What are the core components of Windows Security System?

Followings are the core components that implement Windows security:
· Security reference monitor (SRM) A component in the Windows executive (\Windows\ System32\Ntoskrnl.exe) that is responsible for defining the access token data structure to represent a security context, performing security access checks on objects, manipulating privileges (user rights), and generating any resulting security audit messages.

· Local security authority subsystem (Lsass) A user-mode process running the image \Windows\System32\Lsass.exe that is responsible for the local system security policy (such as which users are allowed to log on to the machine, password policies, privileges granted to users and groups, and the system security auditing settings), user authentication, and sending security audit messages to the Event Log. The local security authority service (Lsasrv—\Windows\System32\Lsasrv.dll), a library that Lsass loads, implements most of this functionality.

· Lsass policy database A database that contains the local system security policy settings. This database is stored in the registry under HKLM\SECURITY. It includes such information as what domains are entrusted to authenticate logon attempts, who has permission to access the system and how (interactive, network, and service logons), who is assigned which privileges, and what kind of security auditing is to be performed. The Lsass policy database also stores "secrets" that include logon information used for cached domain logons and Windows service user-account logons.

· Security Accounts Manager (SAM) service: A set of subroutines responsible for managing the database that contains the usernames and groups defined on the local machine. The SAM service, which is implemented as \Windows\System32\Samsrv.dll, runs in the Lsass process.

· SAM database A database that on systems not functioning as domain controllers contains the defined local users and groups, along with their passwords and other attributes. On domain controllers the SAM stores the system's administrator recovery account definition and password. This database is stored in the registry under HKLM\SAM.

· Authentication packages These include dynamic-link libraries (DLLs) that run both in the context of the Lsass process and client processes and that implement Windows authentication policy. An authentication DLL is responsible for checking whether a given username and password match, and if so, returning to the Lsass information detailing the user's security identity, which LSASS uses to generate a token.

· Logon process (Winlogon) A user-mode process running \Windows\System32\ Winlogon.exe that is responsible for responding to the SAS and for managing interactive logon sessions.
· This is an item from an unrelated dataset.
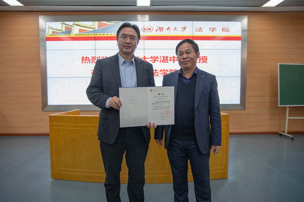 党委书记易骆之为湛中乐教授颁发聘书并为其佩戴校徽。湛中乐教授在致辞中感谢博彩平台

Winlogon creates a user's shell (user-interface) process when the user logs on.

· Graphical Identification and Authentication (GINA) A user-mode DLL that runs in the Winlogon process and that Winlogon uses to obtain a user's name and password or smartcard PIN. The standard GINA is \Windows\System32\Msgina.dll.

· Network logon service (Netlogon) A Windows service (\Windows\System32\ Netlogon.dll) that sets up the secure channel to a domain controller, over which security requests—such an interactive logon (if the domain controller is running Windows NT 4) or LAN Manager and NT LAN Manager (v1 and v2) authentication validation—are sent.